→ THE DATA
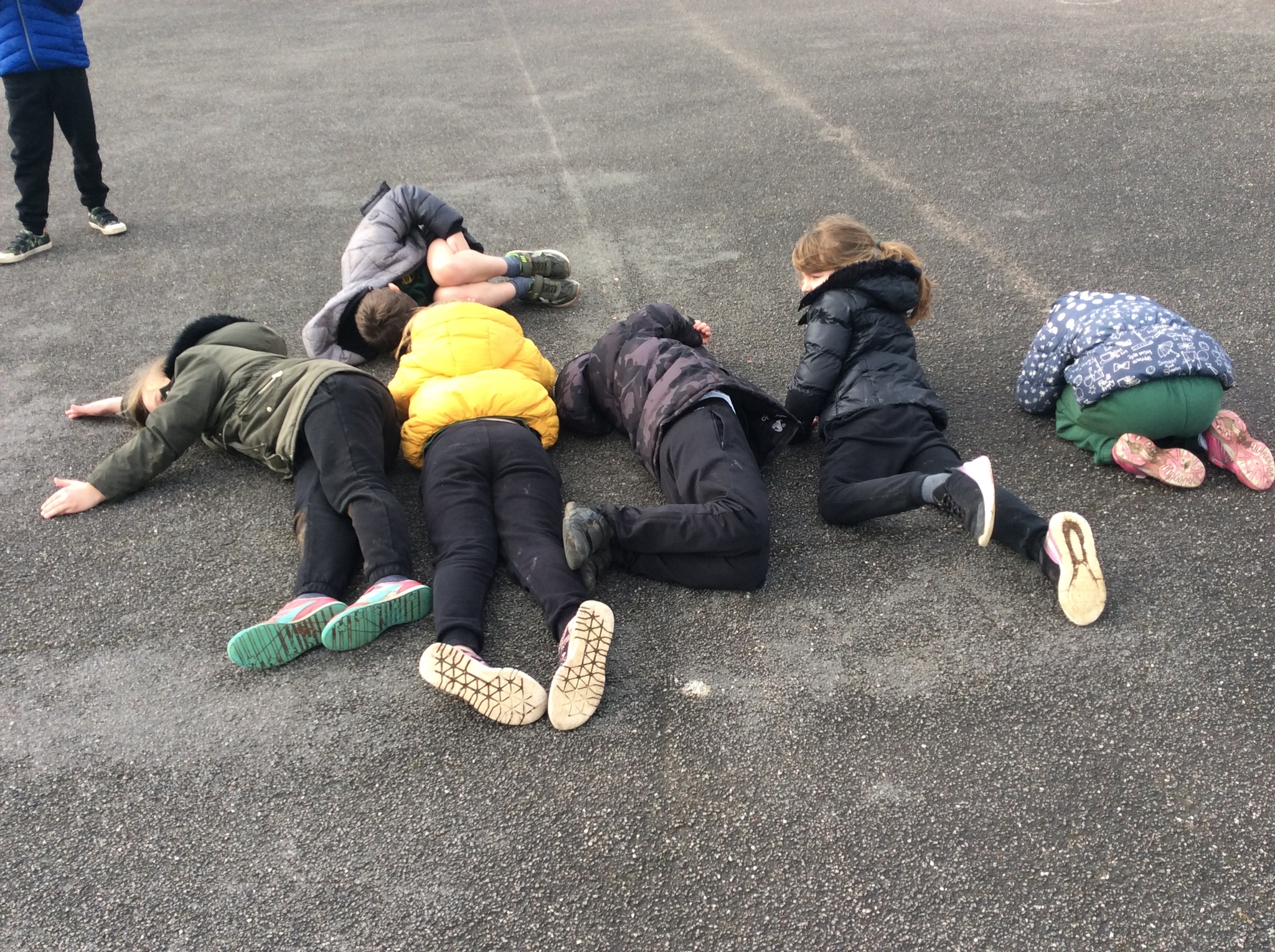 This week, children began with some teamwork. In groups, children had to use their bodies to create words (which also links to our typography topic in art!) This required children to discuss and work as a team to decide their roles and formulate the words.
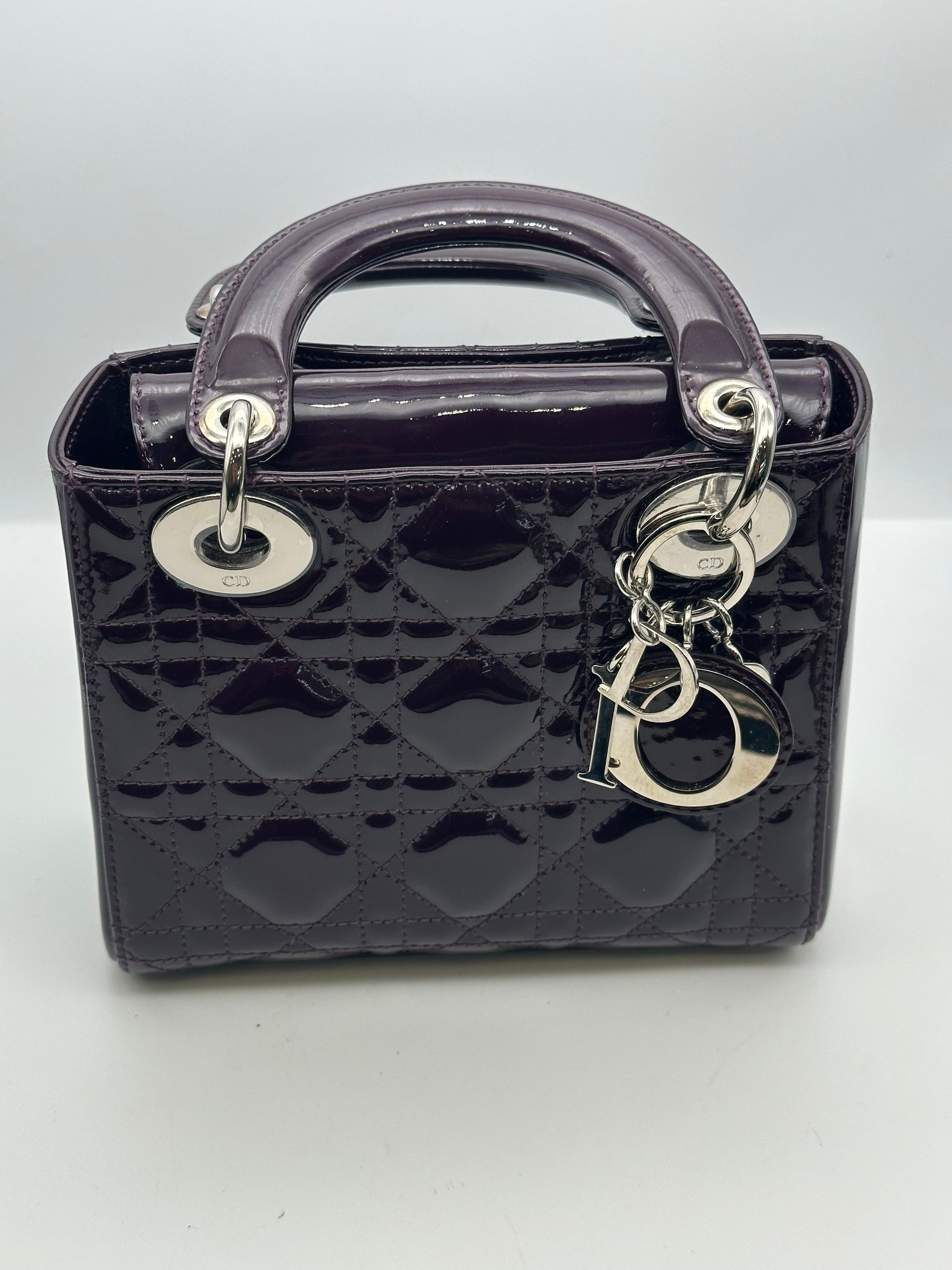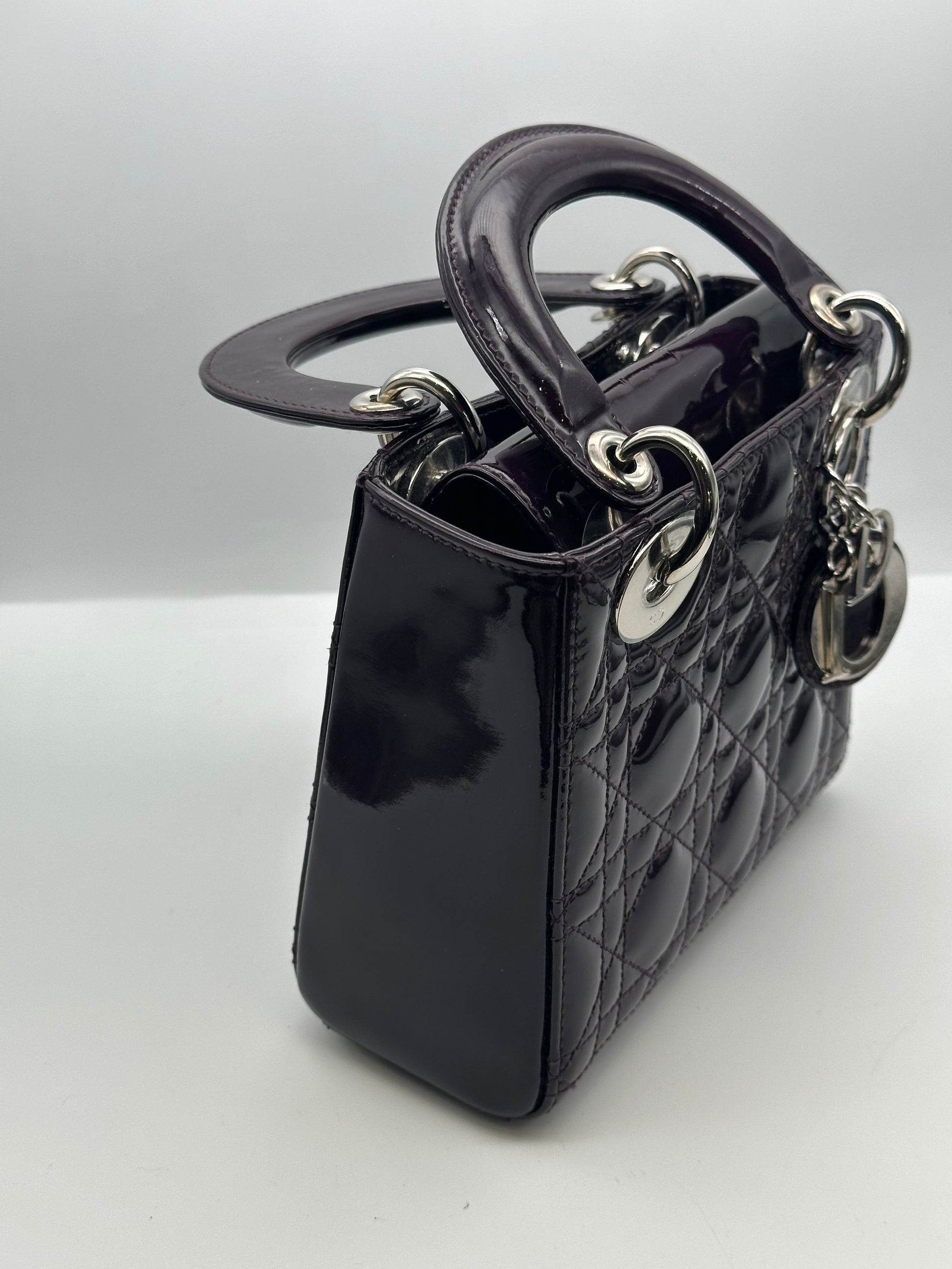 This beautiful mini Lady Dior handbag has silver hardware and a patent aubergine in colour, the perfect bag to take you through all seasons
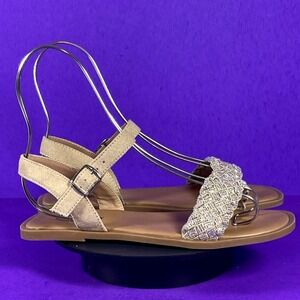Steve Madden Girls Jnoahh Rhinestone Strappy Sandals Sparkle Open Toe Brown 4
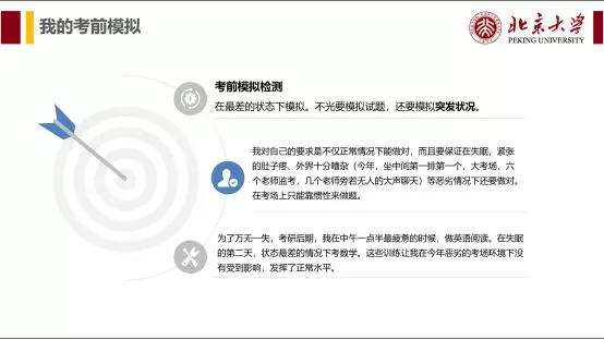 1. 不容失败,将风险降到最低。前面我说过,我第三年输不起了,这意味着我要把可能出现的所有风险降到最低。试卷难度上,无论是数学还是专业课,都是按照最难的准备。可是即使这样,最大的风险还是出现在考试当天。考试当天会不会出现意外情况,考试时的状态会不会极差,这都是我要想办法解决的问题。 训练自己能在状态最差的情况还能保持清晰的头脑,做对题目,成了我后期最重要的任务。
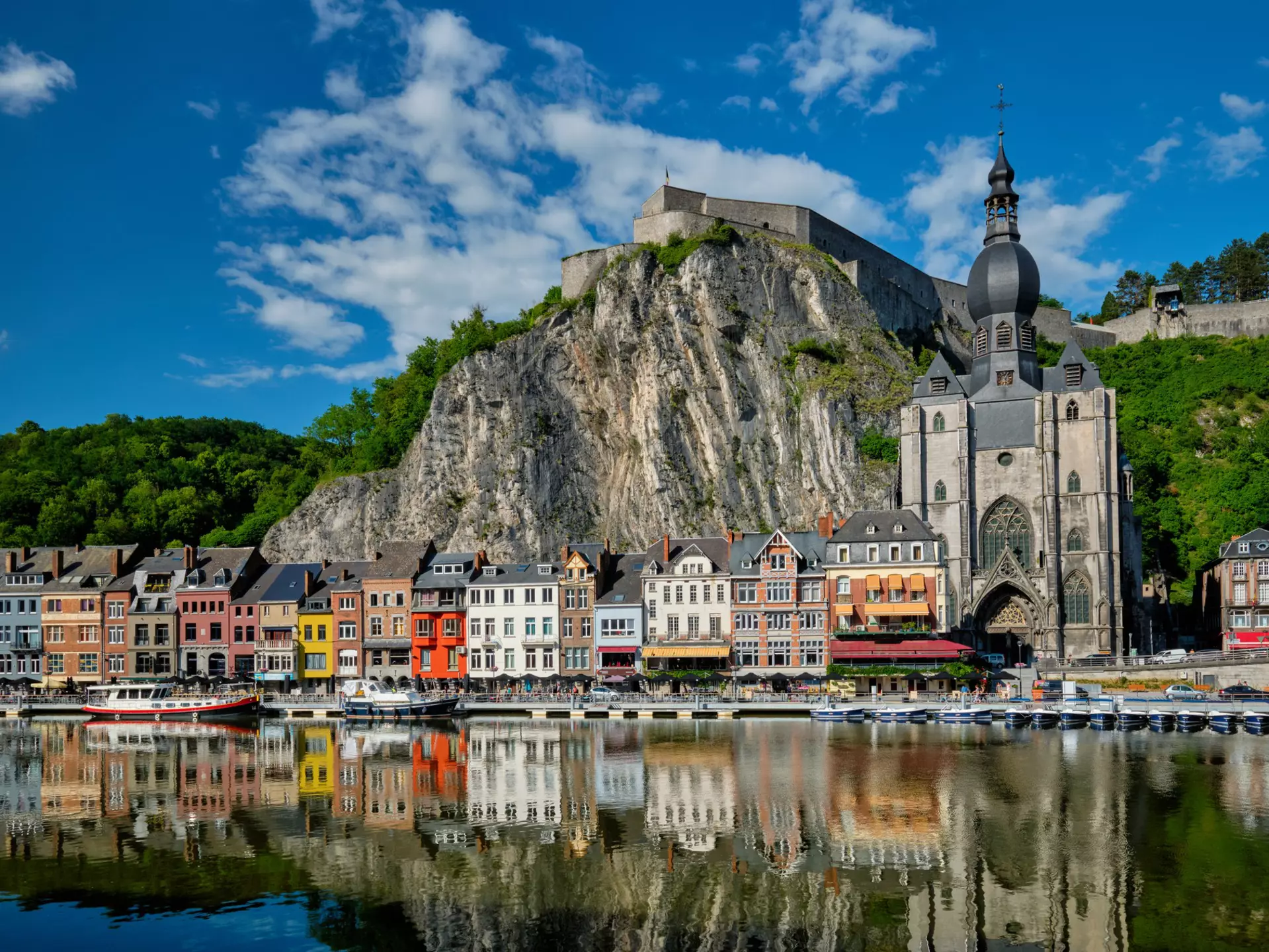 Pleasure boats docked along the Meuse River in Dinant. Getty Images/Flickr RF

→ WORK TO BE COMPLETED
Every line of the material must be returned exactly; leave the images out.

→ SOLVED PROBLEM
 This week, children began with some teamwork. In groups, children had to use their bodies to create words (which also links to our typography topic in art!) This required children to discuss and work as a team to decide their roles and formulate the words.
 This beautiful mini Lady Dior handbag has silver hardware and a patent aubergine in colour, the perfect bag to take you through all seasons
Steve Madden Girls Jnoahh Rhinestone Strappy Sandals Sparkle Open Toe Brown 4
 1. 不容失败,将风险降到最低。前面我说过,我第三年输不起了,这意味着我要把可能出现的所有风险降到最低。试卷难度上,无论是数学还是专业课,都是按照最难的准备。可是即使这样,最大的风险还是出现在考试当天。考试当天会不会出现意外情况,考试时的状态会不会极差,这都是我要想办法解决的问题。 训练自己能在状态最差的情况还能保持清晰的头脑,做对题目,成了我后期最重要的任务。
 Pleasure boats docked along the Meuse River in Dinant. Getty Images/Flickr RF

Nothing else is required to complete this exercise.